§ Assigned task
Reproduce exactly the lines from the one containing "2月21日,因期待已久的希臘" through the end of the listing, minus the pictures.

§ Information supplied
•••
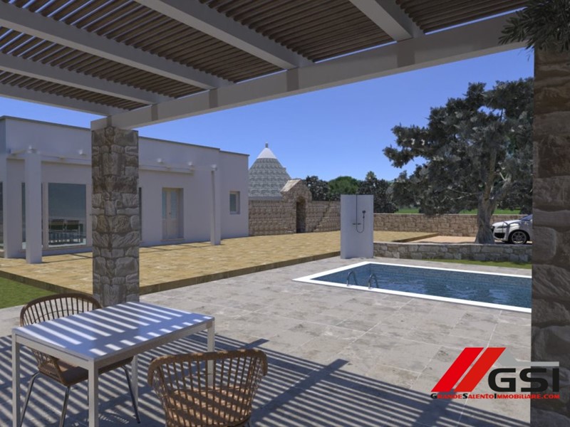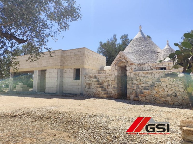 La proprietà in vendita è un'autentica perla dell'architettura rurale pugliese, immersa nella quiete della campagna di Contrada Ajeni, a San Michele Salentino.\n\nIl cuore della proprietà è un trullo originale, sapientemente ristrutturato nel rispetto della sua struttura storica e delle caratteristiche architettoniche tipiche, come le volte a cono in pietra a vista. L'intervento conservativo ha valorizzato ogni dettaglio, restituendo il fascino autentico di un tempo senza alterarne l'identità.\n\nAccanto al trullo, è stato realizzato un ampliamento moderno, costruito seguendo le normative edilizie attuali, con particolare attenzione alla qualità strutturale e al comfort abitativo. L'intera costruzione è dotata di vespaio areato sia sotto che sopra, per garantire una perfetta salubrità degli ambienti e una maggiore durabilità nel tempo.\n\nLe volte tipiche a botte impreziosiscono gli spazi interni dell'ampliamento, creando un perfetto connubio tra tradizione e contemporaneità. Inoltre, l'edificio è già predisposto per l'isolamento termico, rendendo l'abitazione efficiente dal punto di vista energetico. Il solaio rinforzato permette l'installazione di pannelli solari, offrendo così un ulteriore potenziale in termini di sostenibilità.\n\nIl tutto è immerso in un terreno di proprietà che circonda l'immobile, caratterizzato da ulivi secolari e alberi da frutto, che donano privacy, ombra e un contesto naturale di rara bellezza. All'esterno, un ampio porticato si affaccia sul giardino, ideale per godere del relax all'aperto nelle giornate di sole o per creare uno spazio conviviale.\n\nLa proprietà è allo stato grezzo avanzato, un grande vantaggio per l'acquirente, che potrà personalizzare le finiture interne secondo i propri gusti e necessità, trasformandola in una dimora privata esclusiva o in una struttura ricettiva di charme.\n\nÈ inoltre possibile realizzare una piscina, grazie agli ampi spazi disponibili e alla conformazione del terreno. Questa opportunità rende la proprietà particolarmente interessante anche per un uso turistico, data la forte domanda nella zona per residenze di pregio immerse nella natura.\n\nIn sintesi, si tratta di una soluzione ideale per chi desidera vivere o investire in Puglia, combinando tradizione, comfort moderno e grande potenziale progettuale in una location strategica e tranquilla. - Maggiori Dettagli: Terreno, Campagna, Camino
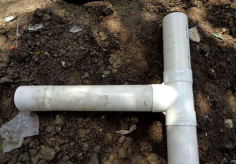 Connect the bottom of the T to the elbow pipe – the top of the 2 foot 6-inch pipe, using sealant. The top of the T connects to a one 1-foot pipe, using sealant. The middle of the T connects to the 2-foot pipe with sealant.
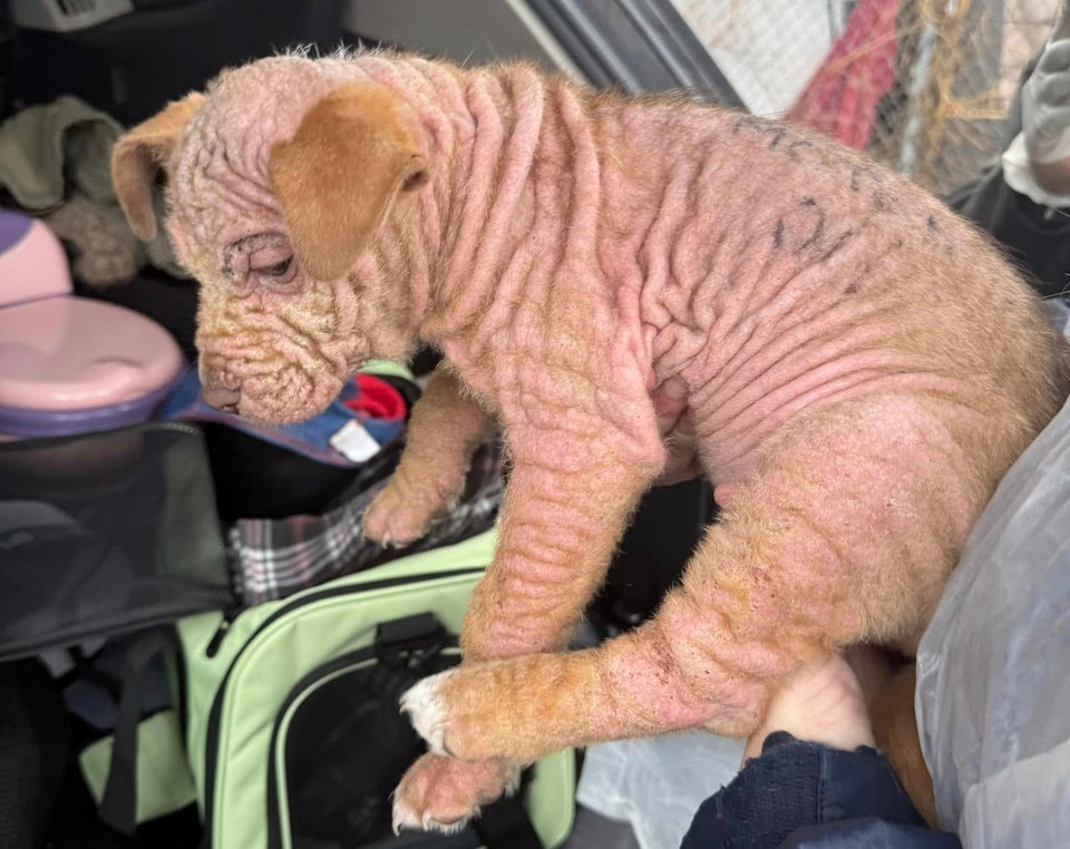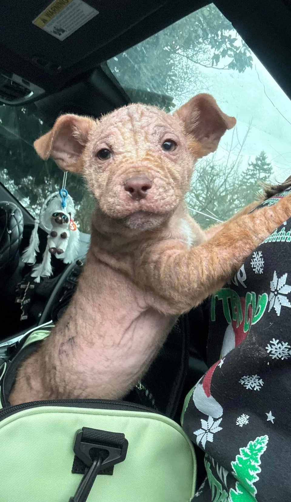 Μια νέα ζωή ξεκινά ένα άτριχο κουτάβι που ανακαλύφθηκε σε έναν καταυλισμό αστέγων στην Καλιφόρνια.
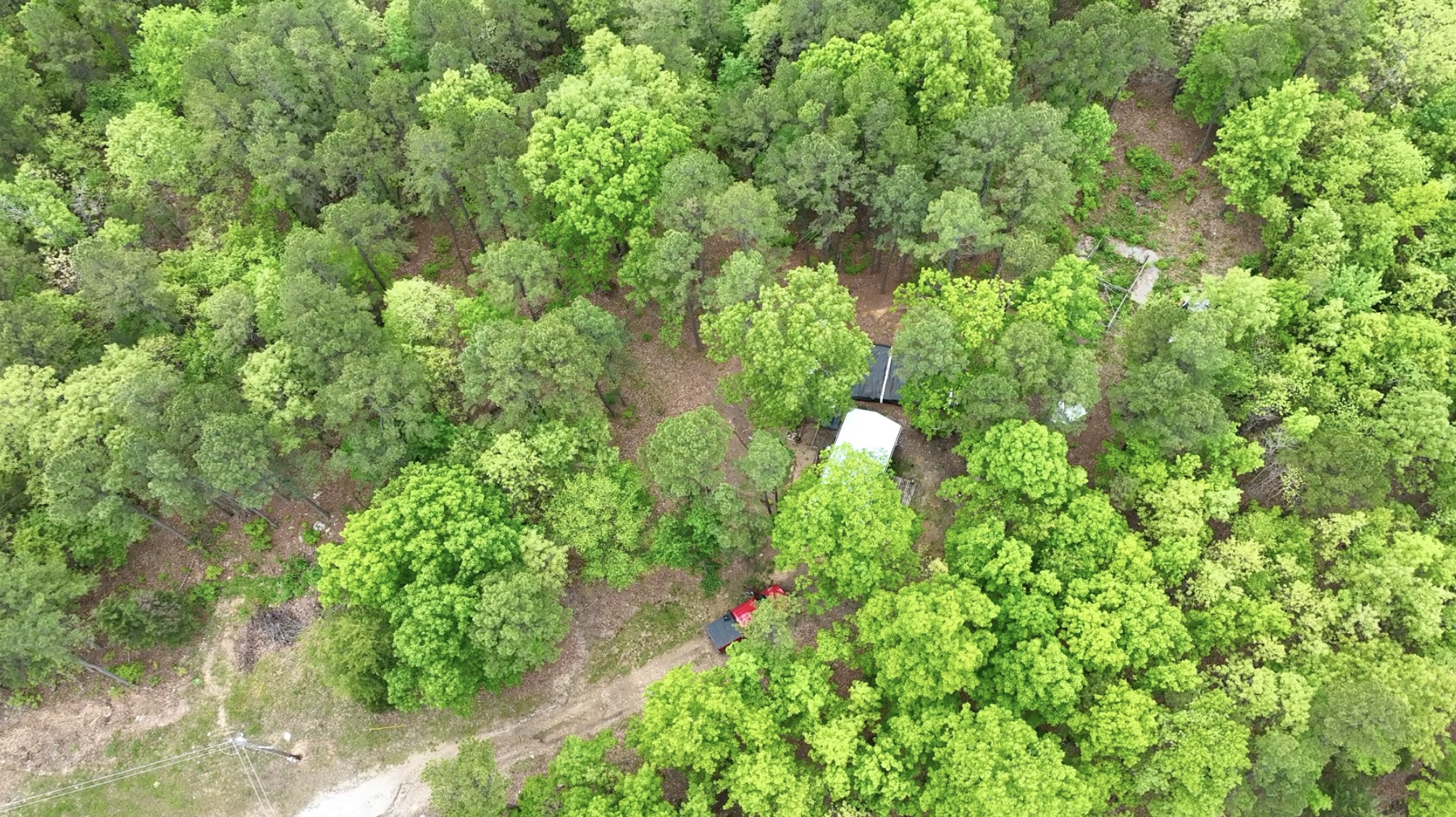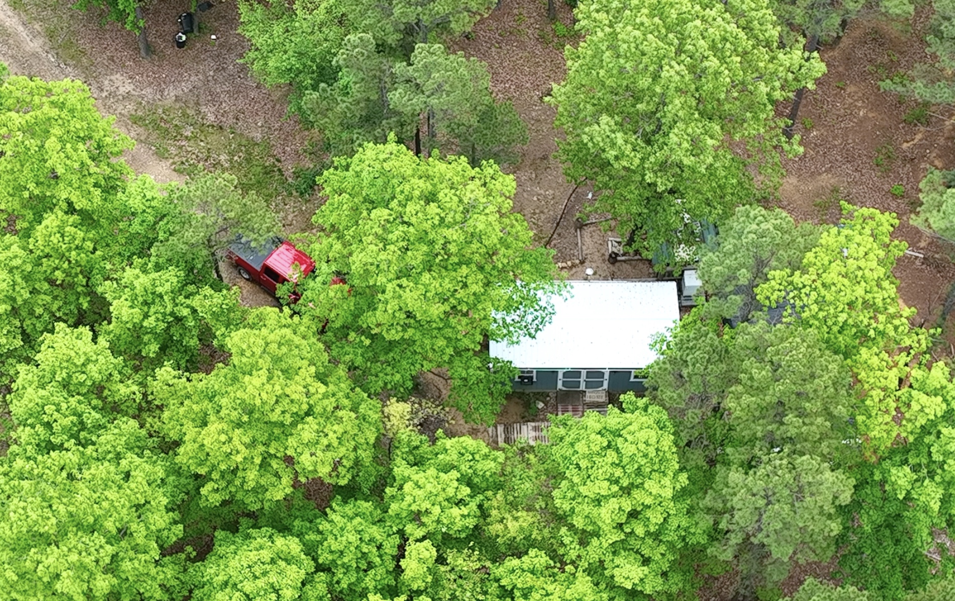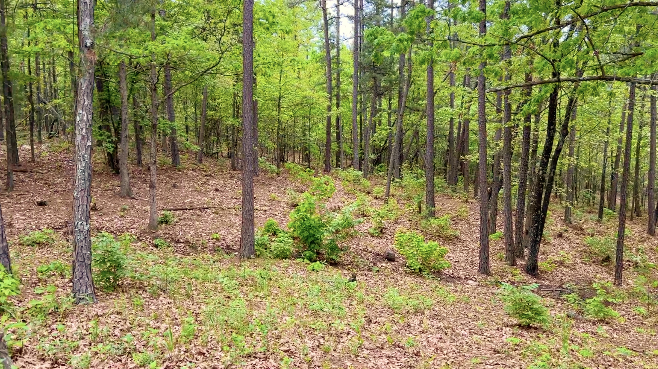On this property you find find many species of trees which may include pine, red oak, white oak, hickory, sycamore, walnut and more. The yard area around the cabin appears to contain a large number of very tall pine trees. In the photo above we are looking at a few of the trees behind the cabin (on the right you can see part of the outdoor shower).
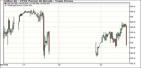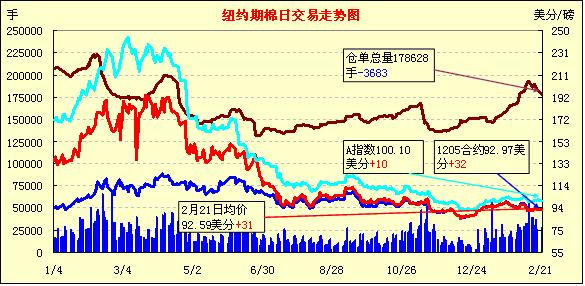 2月21日,因期待已久的希臘救助協(xié)議終獲批準(zhǔn),給市場(chǎng)人氣帶來(lái)提振,美元走軟、歐美股市全線(xiàn)走高,紐約期棉受支撐除近期3月合約小跌外,其他合約普遍收高,主力5月合約結(jié)算價(jià)為92.97美分/磅,漲32點(diǎn)。 當(dāng)時(shí)市場(chǎng)平穩(wěn)開(kāi)盤(pán),午盤(pán)時(shí)主力合約受外部谷物及油料市場(chǎng)走低拖累,至當(dāng)日最低點(diǎn)92.46美分/磅;后買(mǎi)盤(pán)介入促期棉低點(diǎn)反彈,該合約最高至93.79美分/磅,震蕩幅度133點(diǎn);尾盤(pán)時(shí)買(mǎi)盤(pán)獲利回吐部分漲幅,盤(pán)終該合約小幅收漲。近期3月合約收于91.25美分/磅,跌20點(diǎn)。歐洲官員同意向希臘提供1,300億歐元救助資金,幫助該國(guó)避免出現(xiàn)債務(wù)違約并留在歐元區(qū)內(nèi)部,這一利好消息促使期棉市場(chǎng)普遍走高。
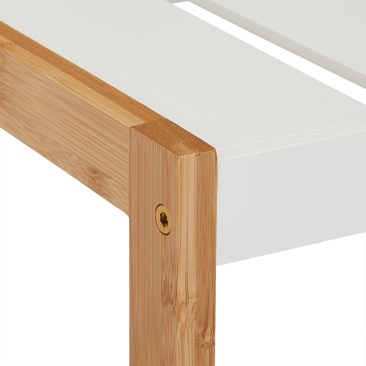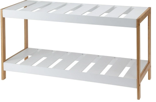 Regał na buty wykonany z wysokiej jakości bambusa i MDF z certyfikatem FSC 100%, co świadczy o zastosowaniu materiałów pochodzących z odpowiedzialnych źródeł. Jego wymiary to 70x26x36 cm, co czyni go idealnym rozwiązaniem do przechowywania butów w przedpokoju, sypialni lub innych pomieszczeniach. Regał charakteryzuje się eleganckim designem, łącząc białe półki z naturalnymi bambusowymi nogami, co dodaje mu świeżości i lekkości. Konstrukcja w stylu knock down ułatwia transport i montaż, co sprawia, że jest wygodny w użytkowaniu.To praktyczne i stylowe rozwiązanie, które pomoże w zachowaniu porządku w obuwiu, jednocześnie stanowiąc dekoracyjny element wnętrza.
•••
§ Written answer
 2月21日,因期待已久的希臘救助協(xié)議終獲批準(zhǔn),給市場(chǎng)人氣帶來(lái)提振,美元走軟、歐美股市全線(xiàn)走高,紐約期棉受支撐除近期3月合約小跌外,其他合約普遍收高,主力5月合約結(jié)算價(jià)為92.97美分/磅,漲32點(diǎn)。 當(dāng)時(shí)市場(chǎng)平穩(wěn)開(kāi)盤(pán),午盤(pán)時(shí)主力合約受外部谷物及油料市場(chǎng)走低拖累,至當(dāng)日最低點(diǎn)92.46美分/磅;后買(mǎi)盤(pán)介入促期棉低點(diǎn)反彈,該合約最高至93.79美分/磅,震蕩幅度133點(diǎn);尾盤(pán)時(shí)買(mǎi)盤(pán)獲利回吐部分漲幅,盤(pán)終該合約小幅收漲。近期3月合約收于91.25美分/磅,跌20點(diǎn)。歐洲官員同意向希臘提供1,300億歐元救助資金,幫助該國(guó)避免出現(xiàn)債務(wù)違約并留在歐元區(qū)內(nèi)部,這一利好消息促使期棉市場(chǎng)普遍走高。
 Regał na buty wykonany z wysokiej jakości bambusa i MDF z certyfikatem FSC 100%, co świadczy o zastosowaniu materiałów pochodzących z odpowiedzialnych źródeł. Jego wymiary to 70x26x36 cm, co czyni go idealnym rozwiązaniem do przechowywania butów w przedpokoju, sypialni lub innych pomieszczeniach. Regał charakteryzuje się eleganckim designem, łącząc białe półki z naturalnymi bambusowymi nogami, co dodaje mu świeżości i lekkości. Konstrukcja w stylu knock down ułatwia transport i montaż, co sprawia, że jest wygodny w użytkowaniu.To praktyczne i stylowe rozwiązanie, które pomoże w zachowaniu porządku w obuwiu, jednocześnie stanowiąc dekoracyjny element wnętrza.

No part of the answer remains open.